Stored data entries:
++++
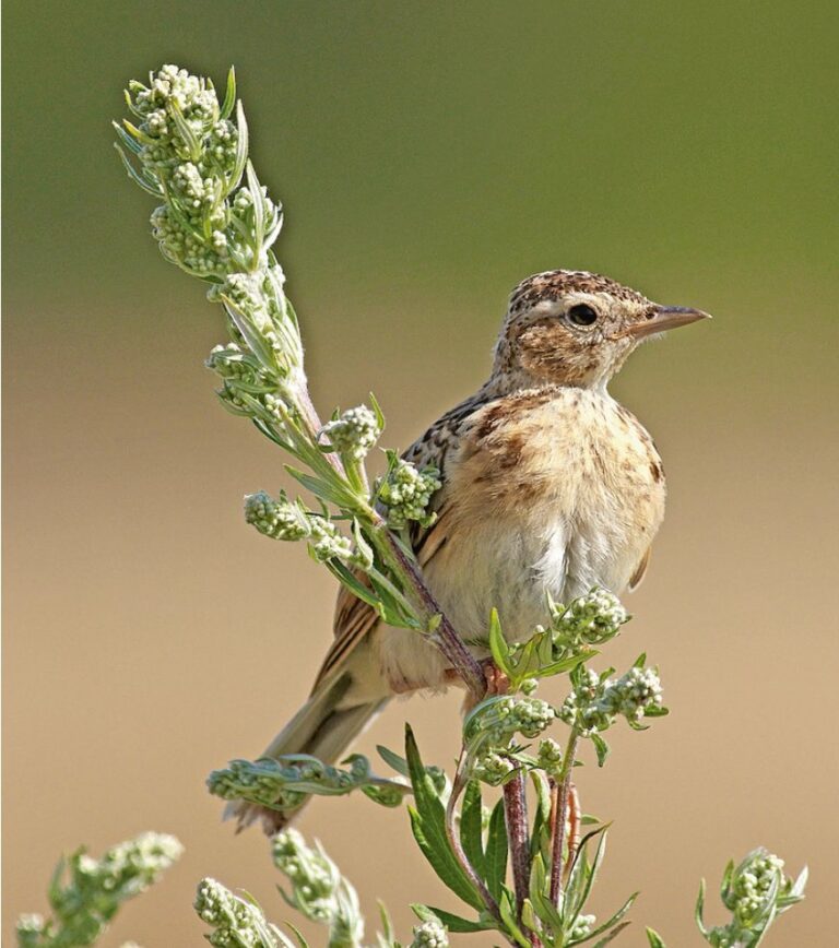 Schon ab Februar flöten und trällern wieder die Lerchen über Wiesen und Äckern. Sie sind nicht zu überhören, aber leicht zu übersehen. Man muss Übung haben, um irgendwo da oben die singenden Federbälle zu entdecken. Schon vor Sonnenaufgang legen sie los; und erst wenn es dunkel wird, halten sie den Schnabel.
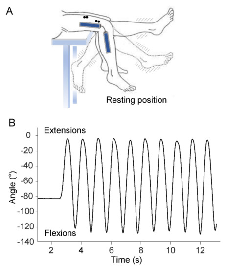 Participants sat on a medical couch with their knees flexed at resting position and their legs dangling and not touching the ground (Figure 1A). After receiving verbal instructions and demonstration of the procedure, participants were asked to perform a series of ten voluntary flexion–extension movements of the lower limb at maximal range of motion in the sagittal plane (Figure 1B). Angular displacements of the swing movements were measured by means of an electrogoniometer (Biometrics Ltd., Gwent, UK) placed on the lateral surface of the knee joint. Kinematic data were filtered using a low-pass, zero-lag, second-order Butterworth filter with 5 Hz cutoff frequency.
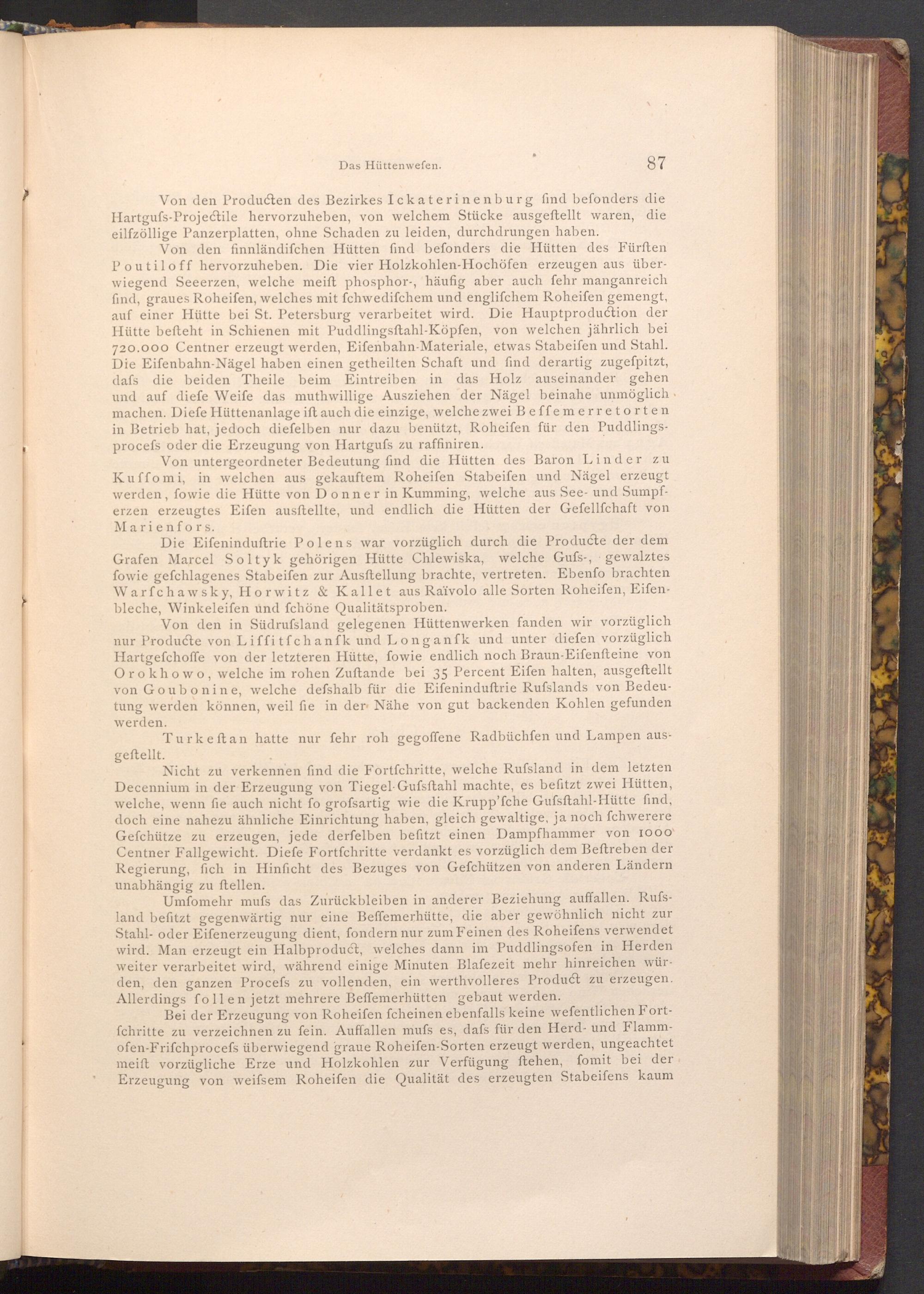 Von den Producten des Bezirkes Ickaterinenburg find befonders die Hartgufs- Projectile hervorzuheben, von welchem Stücke ausgeftellt waren, die eilfzöllige Panzerplatten, ohne Schaden zu leiden, durchdrungen haben.
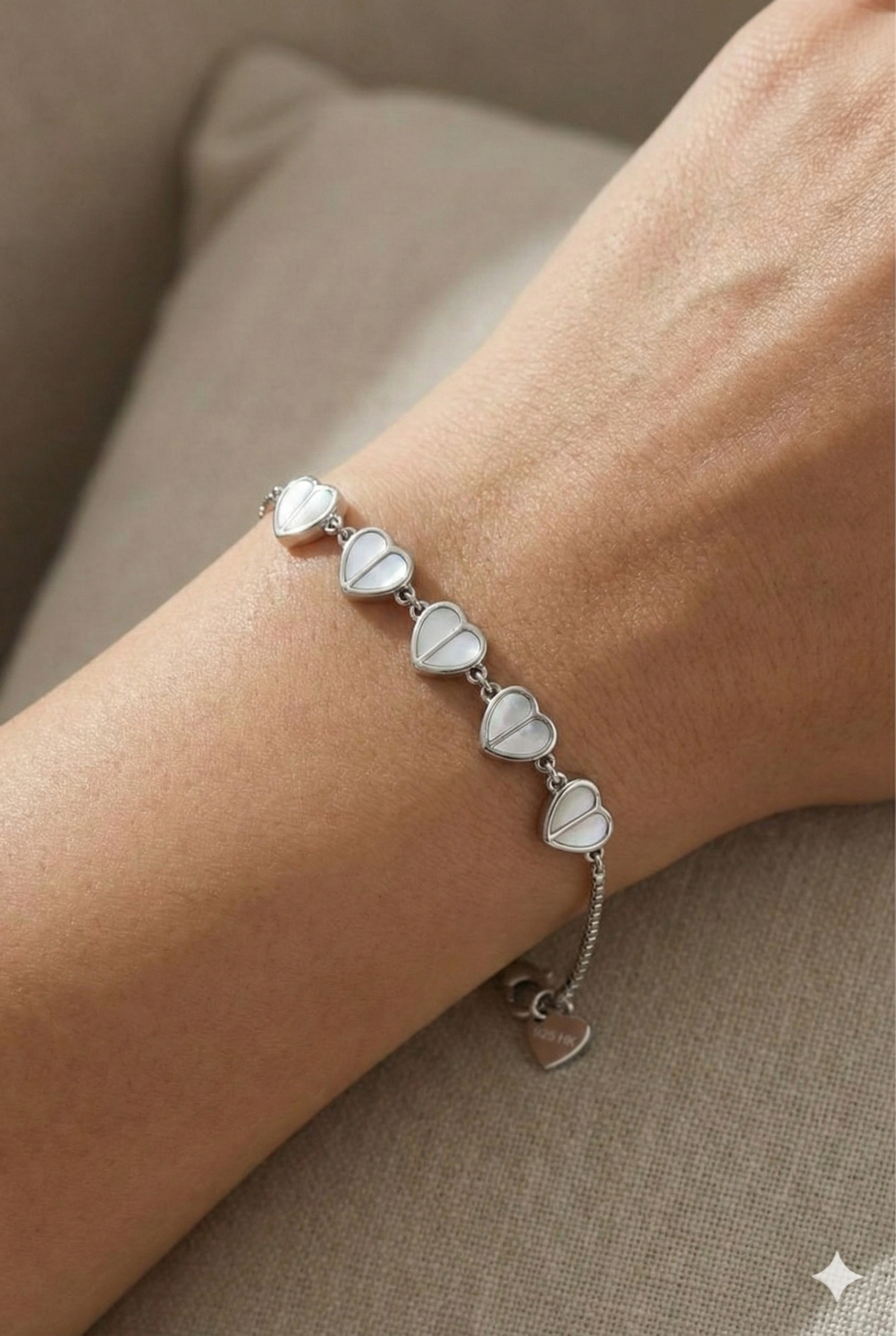 • 🐚 Lustrous Mother of Pearl: Features five beautifully linked heart-shaped charms. Each heart is inlaid with natural White Mother of Pearl, offering a soft, iridescent glow that catches the light.
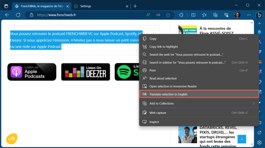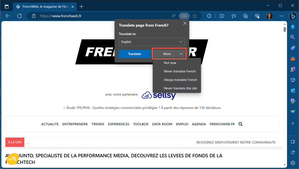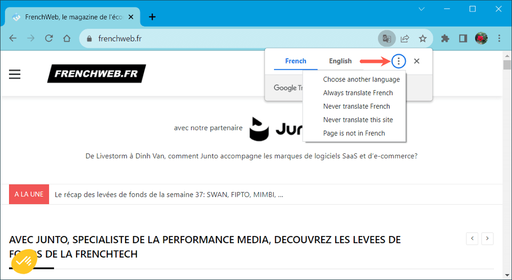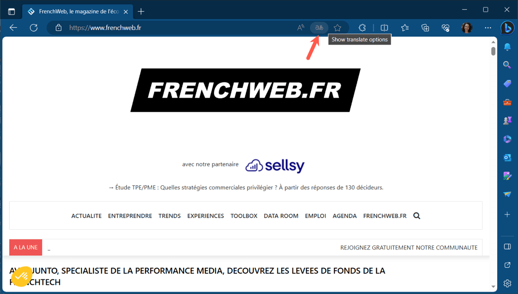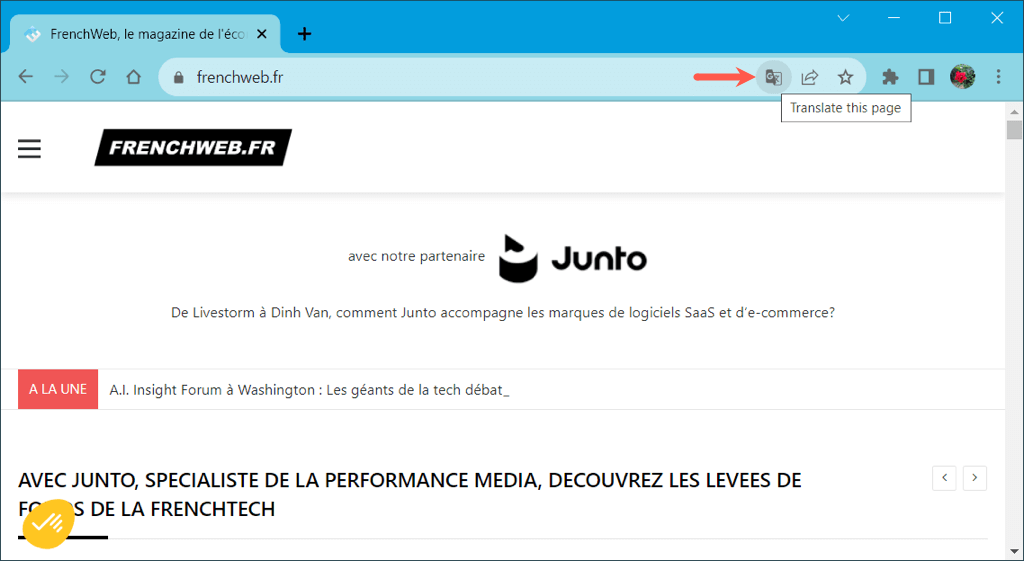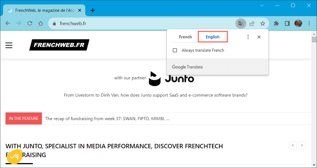 - Select the Translate icon and choose the translation language from your list of preferred options and you’ll then see the page update for you.
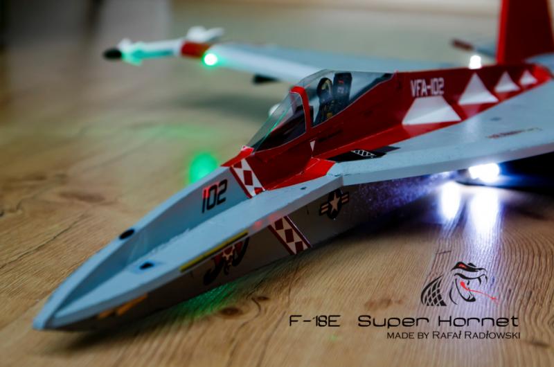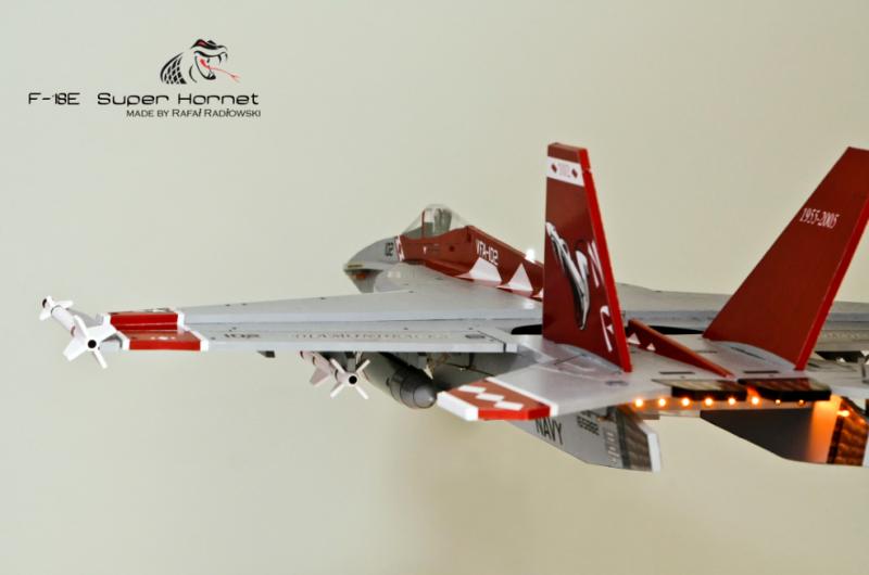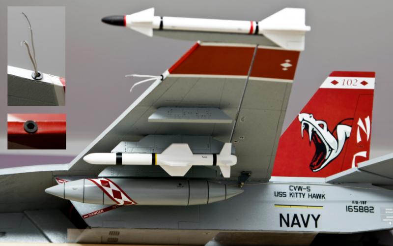W sprawie uzbrojenia - bardzo szybko i dokładnie zrobisz rakiety z balsy - korpus z gotowego odcinka okrągłej balsy, stateczniki też z balsy klejone na super glu=około 30min pracyna 2 szt, potem pomalowanie i paski kolorowe z naklejki - konstrukcja głatka, bardzo lekka i sztywna, !. A jak chcesz mieć zbiorniki paliwa to metodą na "małego modelarza" - tu trochę więcej czasu trzeba poświęcić - wręgi z depronu , korpus z kartki bloku technicznego+malowanie. A efekt jak w moim F-18:
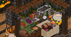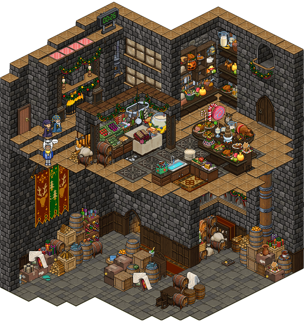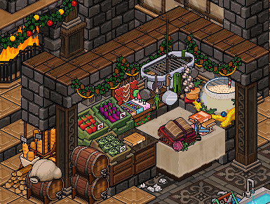Nos adentramos en el juego número 4 de este maravilloso castillo y nos encontramos en una sala de Frission, una excelente constructora del Hotel Anglosajón. En ella podemos apreciar la construcción de una magnifica cocina hecha con un montón de furnis distintos. Lo impresionante es como con furnis tan distintos y de tantas categorías distintas logra hacer una cocina con los libros de recetas y que ocupe tan poco espacio.
++++
▶ _WHAT YOU ARE ASKED TO DO_:
Exactly restate the lines from the one holding "catches the light." to the final line of the records above, including both and excluding pictures.

▶ _SOLUTION TO THIS TASK_:
 • 🐚 Lustrous Mother of Pearl: Features five beautifully linked heart-shaped charms. Each heart is inlaid with natural White Mother of Pearl, offering a soft, iridescent glow that catches the light.
 - Select the Translate icon and choose the translation language from your list of preferred options and you’ll then see the page update for you.
W sprawie uzbrojenia - bardzo szybko i dokładnie zrobisz rakiety z balsy - korpus z gotowego odcinka okrągłej balsy, stateczniki też z balsy klejone na super glu=około 30min pracyna 2 szt, potem pomalowanie i paski kolorowe z naklejki - konstrukcja głatka, bardzo lekka i sztywna, !. A jak chcesz mieć zbiorniki paliwa to metodą na "małego modelarza" - tu trochę więcej czasu trzeba poświęcić - wręgi z depronu , korpus z kartki bloku technicznego+malowanie. A efekt jak w moim F-18:
Nos adentramos en el juego número 4 de este maravilloso castillo y nos encontramos en una sala de Frission, una excelente constructora del Hotel Anglosajón. En ella podemos apreciar la construcción de una magnifica cocina hecha con un montón de furnis distintos. Lo impresionante es como con furnis tan distintos y de tantas categorías distintas logra hacer una cocina con los libros de recetas y que ocupe tan poco espacio.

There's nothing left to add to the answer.